New York City will install 100 new security cameras in neighbourhoods in Brooklyn with large haredi Orthodox Jewish populations.
New York Mayor Bill de Blasio announced the new security measure on Friday.
The neighbourhoods slated to get the cameras are Williamsburg, Crown Heights and Borough Park, the Associated Press reported.
The first 30 cameras are scheduled to be installed by March, and the remaining 70 will be installed with input about where to locate them from community representatives, the Brooklyn Paper reported.
“An attack on the Jewish community is an attack on all New Yorkers,” de Blasio said in a statement published by local media. “These new security cameras will increase the NYPD’s visibility into these neighbourhoods, and help our officers on the ground keep New Yorkers safe.”
The three neighbourhoods have been the sites of numerous anti-Semitic incidents ranging from verbal assault to physical attacks, including sucker punches and the ripping off of kippas and women’s head coverings.
Meanwhile, there has been an increase in applications filed by Orthodox residents of Rockland County for gun permits, the New York Post reported.

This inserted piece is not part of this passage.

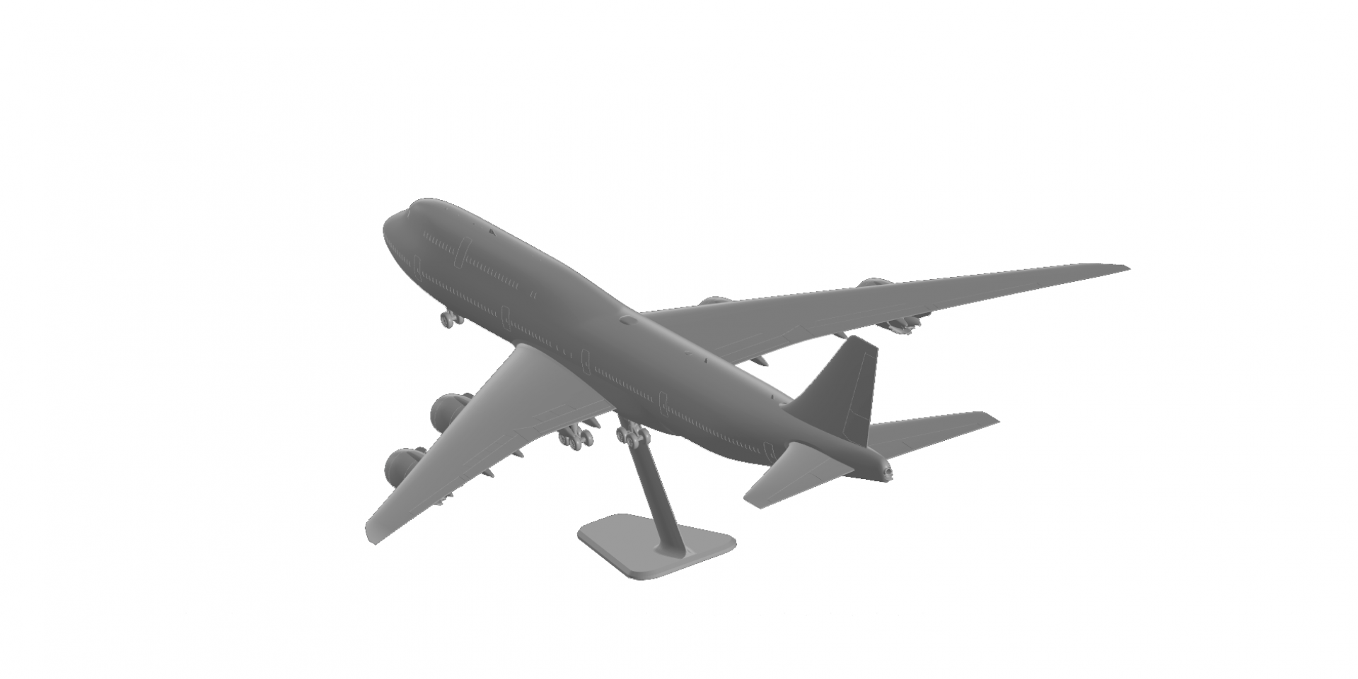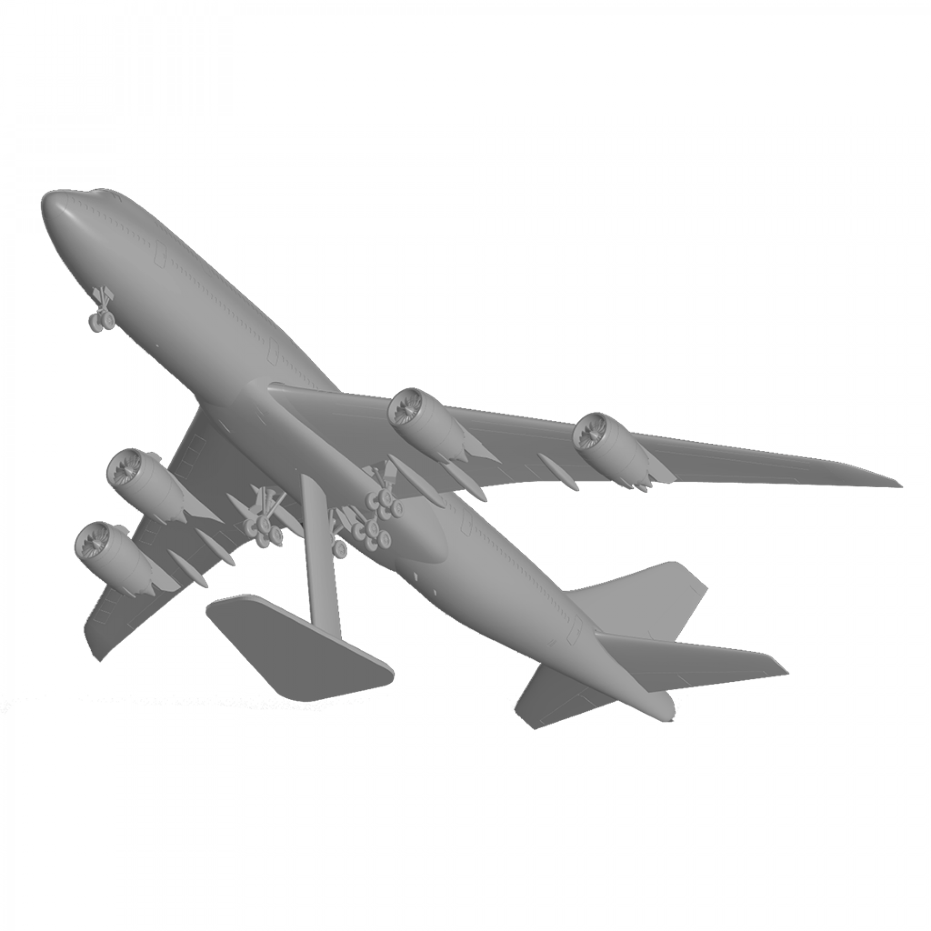 3д модель широкофюзеляжного удлиненного самолета боинг 747-8 в масштабе 1:144 для печати на 3D принтере. Разработан компанией Boeing Commercial Airplanes, является самой большой модификацией модели 747 в своем роде. После выпуска модели 747-400 компания рассматривала более крупные версии серии 747 в качестве альтернативы Airbus A380.

In the week following the Dec. 28 stabbing attack at the home of a rabbi in Monsey, New York, there were 65 new applications filed county-wide, with 23 from Monsey. All but five of the new applications came from within the heavily haredi town of Ramapo, which includes Monsey and other heavily Jewish areas, according to the Post. In the two months prior to the attack, an average of six applications a week were filed throughout the county, with only two from Monsey.